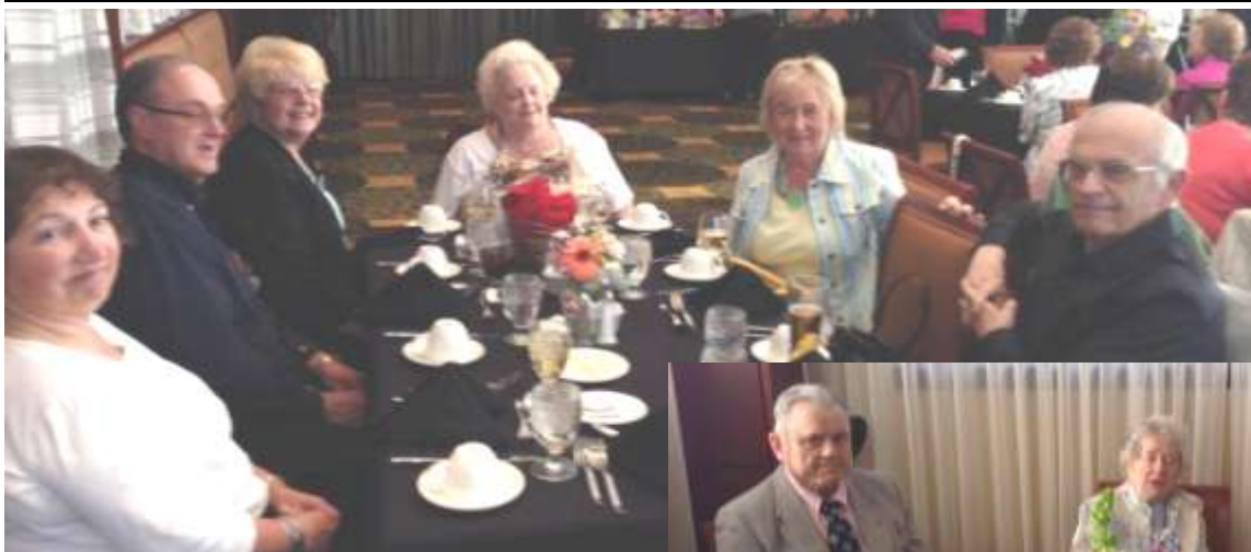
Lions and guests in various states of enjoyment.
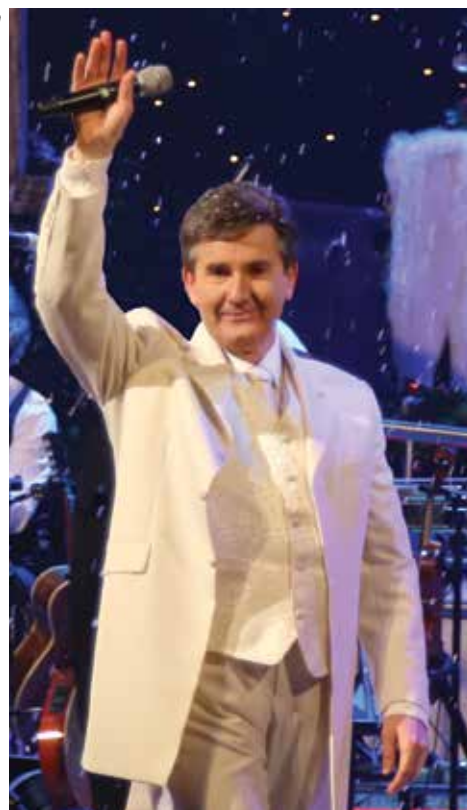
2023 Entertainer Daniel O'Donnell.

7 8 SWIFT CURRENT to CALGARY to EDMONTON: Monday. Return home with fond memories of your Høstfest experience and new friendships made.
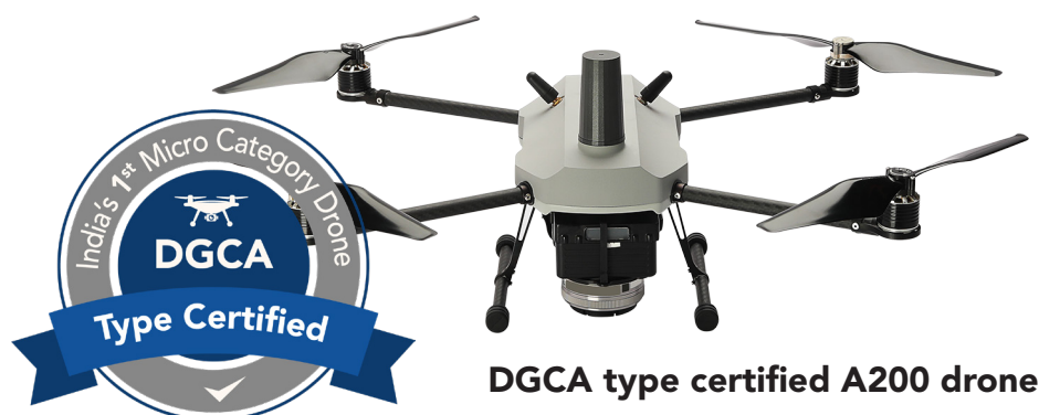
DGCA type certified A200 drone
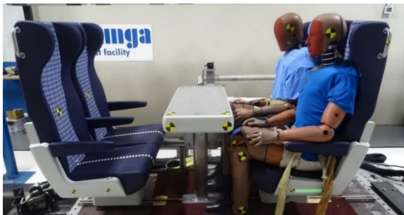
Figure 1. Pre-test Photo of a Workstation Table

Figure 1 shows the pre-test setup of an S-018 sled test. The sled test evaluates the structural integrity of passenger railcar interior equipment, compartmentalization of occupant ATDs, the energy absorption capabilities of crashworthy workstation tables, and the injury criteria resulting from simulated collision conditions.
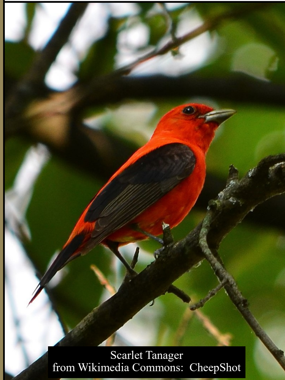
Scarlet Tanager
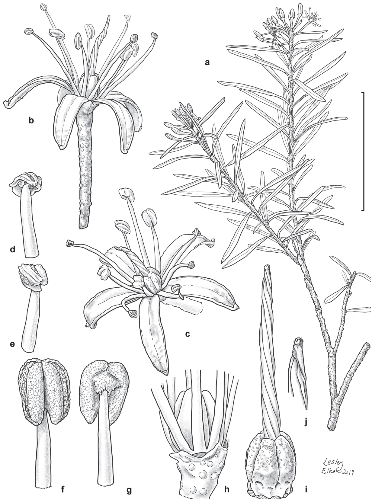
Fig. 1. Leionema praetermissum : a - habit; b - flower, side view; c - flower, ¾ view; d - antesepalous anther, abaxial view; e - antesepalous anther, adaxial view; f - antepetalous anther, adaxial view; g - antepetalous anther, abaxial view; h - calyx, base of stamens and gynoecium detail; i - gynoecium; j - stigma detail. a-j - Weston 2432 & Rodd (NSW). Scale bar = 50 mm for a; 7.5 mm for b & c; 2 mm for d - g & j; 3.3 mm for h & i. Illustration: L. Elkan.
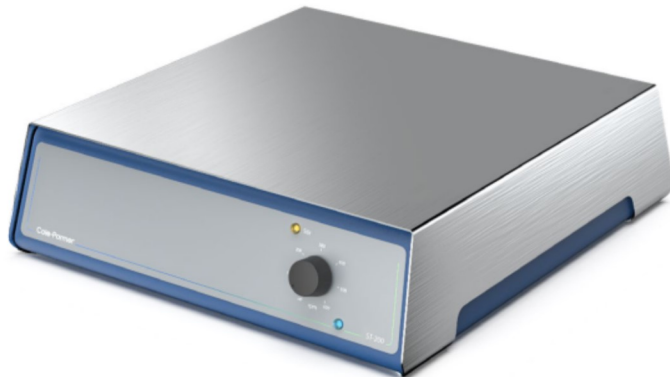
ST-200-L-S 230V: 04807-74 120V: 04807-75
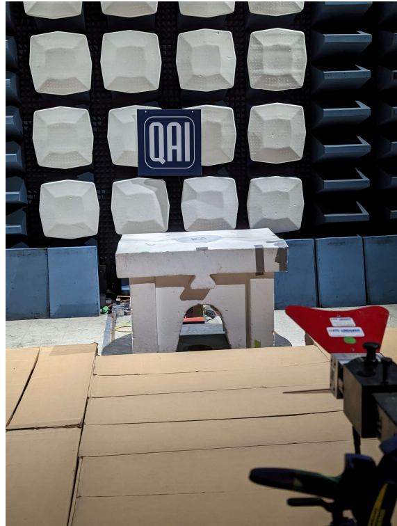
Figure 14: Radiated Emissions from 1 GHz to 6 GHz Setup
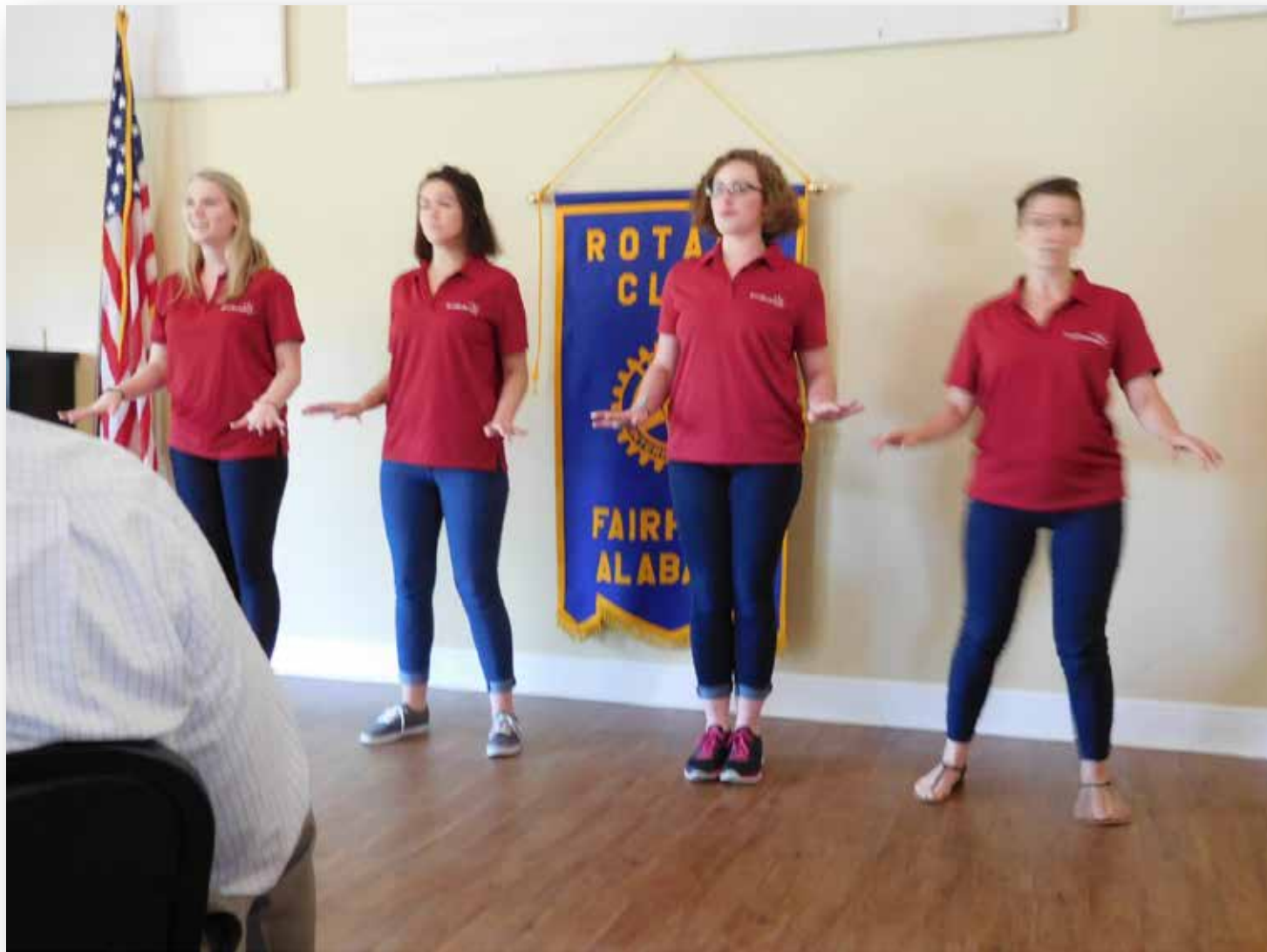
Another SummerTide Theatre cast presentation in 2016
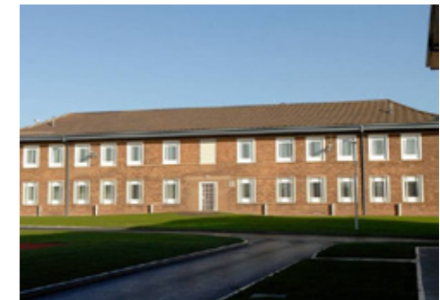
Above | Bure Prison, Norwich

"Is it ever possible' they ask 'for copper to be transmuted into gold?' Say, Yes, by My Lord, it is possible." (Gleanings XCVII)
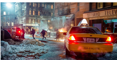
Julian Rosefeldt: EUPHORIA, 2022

- - - -

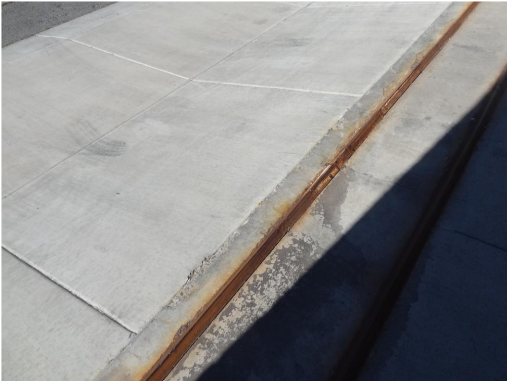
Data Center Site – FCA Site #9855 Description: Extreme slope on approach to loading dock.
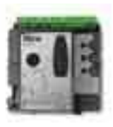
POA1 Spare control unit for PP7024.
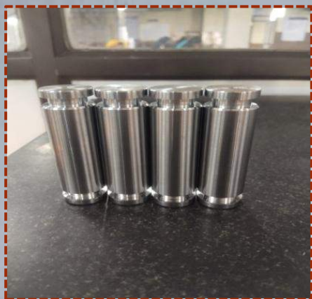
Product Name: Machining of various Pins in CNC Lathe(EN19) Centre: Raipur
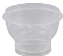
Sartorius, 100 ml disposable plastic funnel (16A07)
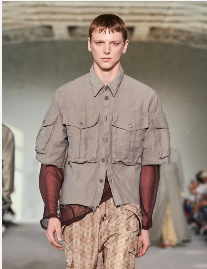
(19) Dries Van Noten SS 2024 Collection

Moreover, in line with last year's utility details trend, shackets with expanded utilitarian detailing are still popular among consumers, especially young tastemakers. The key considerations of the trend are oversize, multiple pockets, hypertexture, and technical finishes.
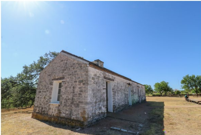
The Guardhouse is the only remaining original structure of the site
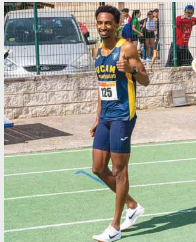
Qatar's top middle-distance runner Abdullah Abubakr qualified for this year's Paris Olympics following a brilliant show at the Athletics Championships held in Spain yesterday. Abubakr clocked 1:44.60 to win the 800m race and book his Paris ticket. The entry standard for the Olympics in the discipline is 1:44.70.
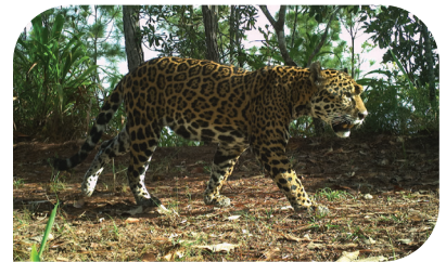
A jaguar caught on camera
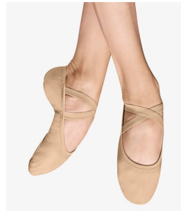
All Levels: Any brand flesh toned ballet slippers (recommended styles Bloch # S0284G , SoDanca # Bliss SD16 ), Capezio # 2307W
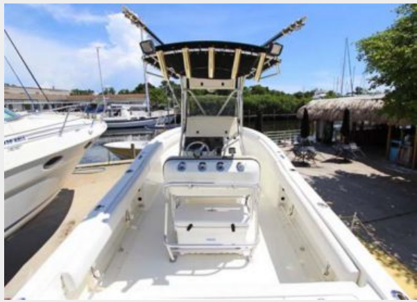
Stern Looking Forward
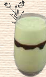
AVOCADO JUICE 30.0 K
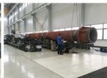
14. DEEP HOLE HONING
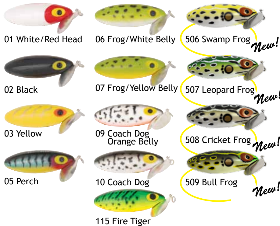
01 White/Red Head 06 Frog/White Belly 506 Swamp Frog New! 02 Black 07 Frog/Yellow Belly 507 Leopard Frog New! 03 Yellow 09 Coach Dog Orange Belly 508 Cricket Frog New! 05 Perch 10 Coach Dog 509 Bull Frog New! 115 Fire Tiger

- - - -

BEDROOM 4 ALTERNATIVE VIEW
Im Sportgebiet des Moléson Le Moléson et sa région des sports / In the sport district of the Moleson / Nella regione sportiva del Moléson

- - - -

• Problem statement: Would you please reproduce the entries above, starting at the line with "Lions and guests" and stopping after the line with "Fig. 1. Leionema"? Omit any pictures.

• Task response:
Lions and guests in various states of enjoyment.
2023 Entertainer Daniel O'Donnell.

7 8 SWIFT CURRENT to CALGARY to EDMONTON: Monday. Return home with fond memories of your Høstfest experience and new friendships made.
DGCA type certified A200 drone
Figure 1. Pre-test Photo of a Workstation Table

Figure 1 shows the pre-test setup of an S-018 sled test. The sled test evaluates the structural integrity of passenger railcar interior equipment, compartmentalization of occupant ATDs, the energy absorption capabilities of crashworthy workstation tables, and the injury criteria resulting from simulated collision conditions.
Scarlet Tanager
Fig. 1. Leionema praetermissum : a - habit; b - flower, side view; c - flower, ¾ view; d - antesepalous anther, abaxial view; e - antesepalous anther, adaxial view; f - antepetalous anther, adaxial view; g - antepetalous anther, abaxial view; h - calyx, base of stamens and gynoecium detail; i - gynoecium; j - stigma detail. a-j - Weston 2432 & Rodd (NSW). Scale bar = 50 mm for a; 7.5 mm for b & c; 2 mm for d - g & j; 3.3 mm for h & i. Illustration: L. Elkan.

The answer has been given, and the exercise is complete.